And yet Seneca’s own prose style has historically drawn its share of criticism. Writing within a generation of Seneca’s death, Quintilian praised a number of Seneca’s virtutes but also stated that many aspects of his style are “corrupt” (corrupta) and “very destructive” (perniciosissima), and noted that earlier in his own career he acquired a reputation because of his efforts to get the young to grow beyond their love of Seneca (Inst. 10.1.125-31). In the following century Aulus Gellius reported that even those who admit that Seneca’s writings do not lack knowledge do not deny that there is “insufficient elegance” (elegantiae parum) in his words (N. A. 12.2.1).

What is all of this about? Can prose style really be destructive or insufficient? And what can it actually indicate about an individual or an age? While Quintilian did not provide illustrative examples to support his evaluation of Seneca’s style, some critics in the sixteenth century, a true saeculum Senecanum, did. Digging into minutiae such as how embracing or neglecting variety in the use of conjunctions affects a sentence, several editors and commentators put Seneca’s prose under their philological microscopes, testing samples of Senecan style against the theories of previous researchers.

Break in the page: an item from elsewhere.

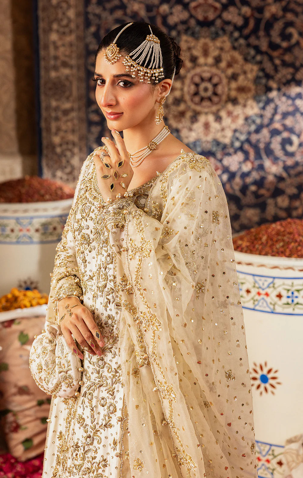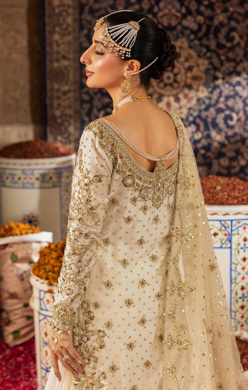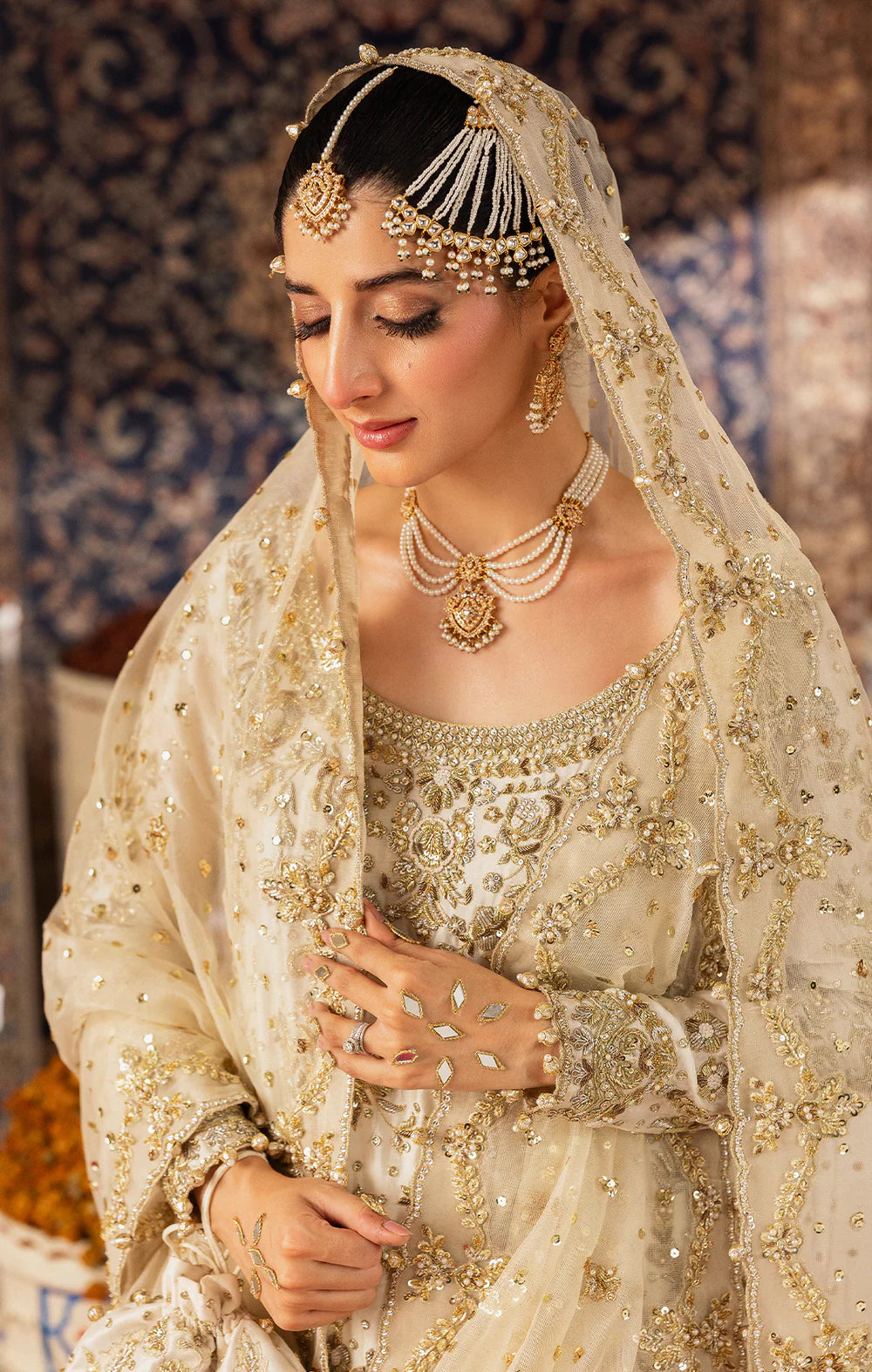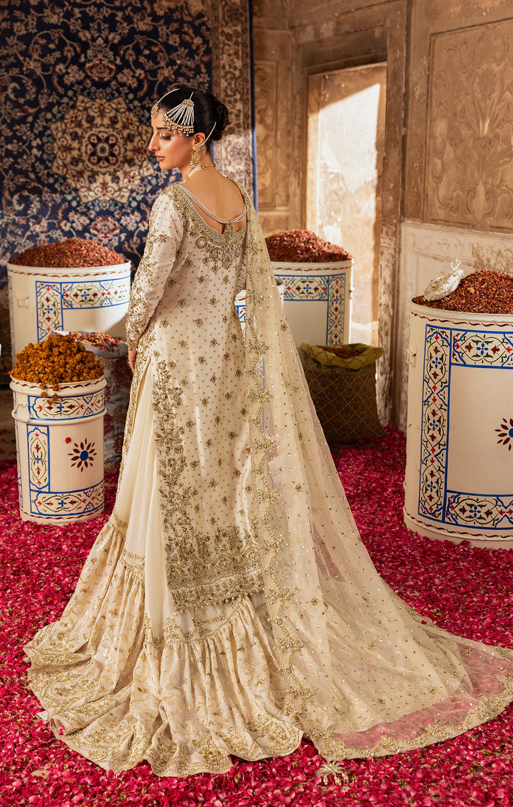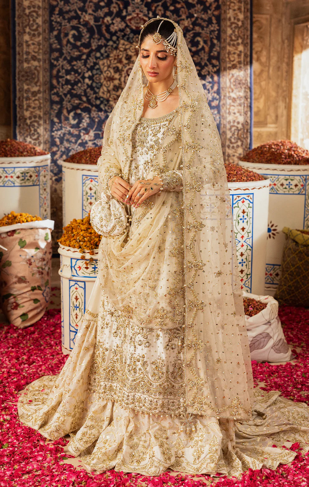 A carefully chosen shade of ivory good is adorned with stunning gold and bronze handwork. The silhouette of the outfit with high slits makes it the ultimate flattering silhouette. The pure silk shirt is embellished with intricate zardozi, dabka, sequins gold and silver zari, naqshi, pearls and betki. It has a heavy floral trellis on the front and back which gives the bride regal feels. This elegant shirt is complemented with a farshi gharara made in zari witj hand crafted embellished with delicate and beautiful gold handwork done by our expert artisans. The exceptionally beautiful bridal is an absolute showstopper. The organza net dupatta has a thick and heavy intricate scalloped border and chun which gives the dress fancy finish that will no doubt leave everyone amazed.

In this paper I examine three such studies: Erasmus’ dedicatory epistle to his 1529 edition of Seneca; Henri Estienne’s 1586 Ad Senecae Lectionem Proodopoeia; and Justus Lipsius’ Iudicium super Seneca eiusque Scriptis and commentary in his 1605 deluxe edition. In these works, philological analysis of style is juxtaposed with aesthetic, educational, and intellectual issues. Indeed, such an actively critical method of reading encourages us to reevaluate the attention allotted to the ethical and social dynamics of style in Seneca’s Ep. 114. Surely the attractive style of classical and early modern authors is one key reason why students continue to take them in hand, and yet today in both print and the classroom style often takes a backseat to other interpretive priorities. This study explores how reading style closely—and philologically—can help people write and think with greater care and sensitivity.